At the age of 14, tennis star Bjorn Borg was my pin-up. And then my moment of mortification came. Dad, who was ordained in the church of England but whose primary job was in human rights, was the baseline judge for an Iliē Nastase match. Nastase kept foot-faulting during his serve; Dad kept calling it. Eventually, infuriated, Nastase grabbed a chair, positioned it next to Dad, sat down and said, ‘Who do think you are? God?’ To which Dad replied: ‘No, but I do know him.’ The moment (photo and verbal exchange) was captured by The Times – my memory is that it was on the front page, with front-page mortification to match. I was in my early teens: the age where parents are an eternal source of embarrassment.
UPDATE: see Mark Diacono’s comment and link below. My brilliant friend has found a picture of the Nastase/Michael Bourdeaux moment in the Getty archive. Now I’m on a mission to track down the feature itself in The Times.
After my Cornish gran retired from the LTA and Dad retired from umpiring (both a long time ago now), the days of going to Wimbledon regularly more or less ceased, but the tournament – in its final throes this week – retains a magnetic pull. Tennis, for me, will forever be associated with being sent to pick peas from the tangled veg patch around the long-ago-bulldozed tennis court in Praze-an-Beeble, and with paper bags of Kentish cherries, rustling and warm, pulled from the Tardis handbag.
Happy memories indeed.
A few tennis moments to amuse you, then… RECIPES!
To revert fully back to food (for those of you wondering why I’m wittering on about tennis, however topical it might be), here are a few favourite cherry recipes from my hey-day at delicious. magazine:
Cherry upside-cake by Chetna Makan
Roasted buttered cherries with orange sabayon by Debbie Major
And from my newsletter archive…
Here’s a reminder of my mum’s shortcake recipe, which would work well with ripe and juicy cherries. Or raspberries, come to that.
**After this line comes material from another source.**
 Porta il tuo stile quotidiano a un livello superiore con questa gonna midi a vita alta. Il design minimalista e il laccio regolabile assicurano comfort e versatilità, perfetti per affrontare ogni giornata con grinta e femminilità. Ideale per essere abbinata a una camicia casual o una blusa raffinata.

And this cake would work with stoned ripe cherries or apricots, too.
I’ll leave you with a quote…
“Food is our common ground; a universal experience.”
JAMES BEARD, chef, author and teacher
Thank you, as ever, for reading. I would LOVE you to hit the heart button. Feel free to share this newsletter with anyone you think might enjoy it – and do tell me in the comments below what you’d like to see more of in KB’s Joyous Things.
What a gorgeous read of family and Wimbledon Kāren! And because I have a reputation for being table to find anything online, I thought I'd go hunting and wonder is this the picture you mentioned?
https://media.gettyimages.com/id/613468200/fr/photo/the-romanian-tennis-player-ilie-natase-sitting-with-a-lines-man-to-the-amusement-of-the-crowd.jpg?s=612x612&w=gi&k=20&c=uBIHGj8FXU0kiomf-2EmnVeiz2ekLhWV1f3gKod0LCY=
Happy one year anniversary - it's been a year full of joyous things! I really enjoyed reading about your grandparents and your dad and the tennis connection - and I could smell that unwound tennis net and taste those cherries! Beautiful, evocative writing.